[Records from a collection]
"""

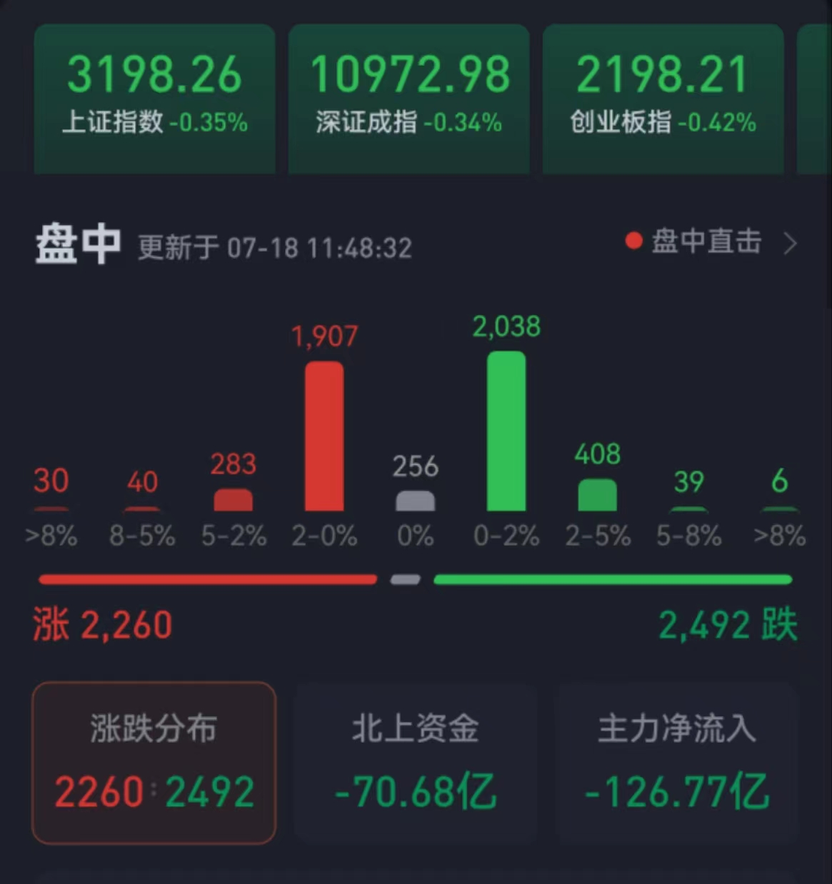 今日三大股指繼續震蕩整理。截至上午收盤,上證指數跌0.35%,報3198.26點,失守3200點整數關口;深證成指和創業板指分別跌0.34%和0.42%;滬深兩市合計成交額4807.8億元,總體來看,兩市個股跌多漲少。
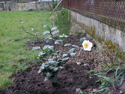 Ovo je Carina, moja bela japonica. prvi cvet, ima ih jos 6. Kramer's supreme (crvena dupla, kasna) me je ove godine bas razocarala - ima samo jedan pupoljak, a roza je jos suvise mala da bi cvetala.
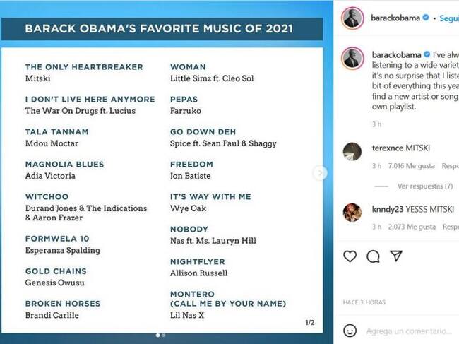 «Siempre me ha gustado escuchar una amplia variedad de música, así que no es de extrañar que haya escuchado un poco de todo este año. Espero que encuentres un artista o una canción nuevos para agregar a tu propia lista de reproducción», comentó Barack Obama.
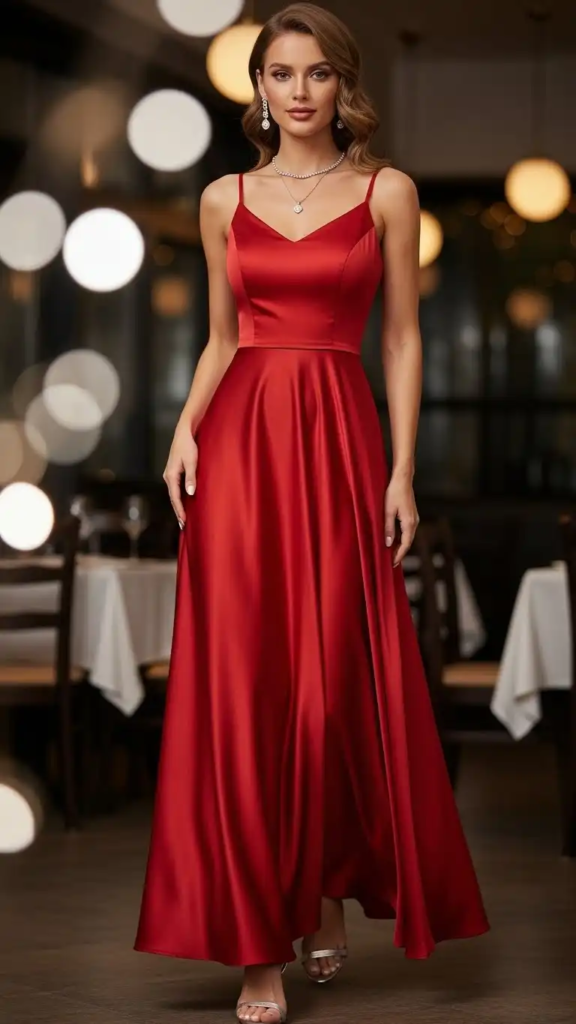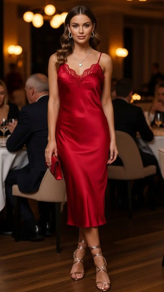 A satin slip dress brings a smooth, elegant feel to a Valentine’s outfit. The fabric reflects light beautifully, creating a naturally polished look.
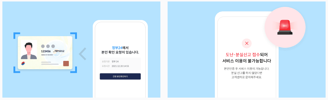 💖 온라인에서 신분증 인증 시 매번 스캔하는 번거로움 없이 모바일 신분증으로 간편하게 사용할 수 있습니다. 스마트 폰 도난이나 분실 시 홈페이지의 분실 신고를 통해 바로 잠금 할 수 있습니다.

"""

- WHAT IS BEING ASKED
The task calls for all records to be set down precisely, excluding any images.

- REPLY
 今日三大股指繼續震蕩整理。截至上午收盤,上證指數跌0.35%,報3198.26點,失守3200點整數關口;深證成指和創業板指分別跌0.34%和0.42%;滬深兩市合計成交額4807.8億元,總體來看,兩市個股跌多漲少。
 Ovo je Carina, moja bela japonica. prvi cvet, ima ih jos 6. Kramer's supreme (crvena dupla, kasna) me je ove godine bas razocarala - ima samo jedan pupoljak, a roza je jos suvise mala da bi cvetala.
 «Siempre me ha gustado escuchar una amplia variedad de música, así que no es de extrañar que haya escuchado un poco de todo este año. Espero que encuentres un artista o una canción nuevos para agregar a tu propia lista de reproducción», comentó Barack Obama.
 A satin slip dress brings a smooth, elegant feel to a Valentine’s outfit. The fabric reflects light beautifully, creating a naturally polished look.
 💖 온라인에서 신분증 인증 시 매번 스캔하는 번거로움 없이 모바일 신분증으로 간편하게 사용할 수 있습니다. 스마트 폰 도난이나 분실 시 홈페이지의 분실 신고를 통해 바로 잠금 할 수 있습니다.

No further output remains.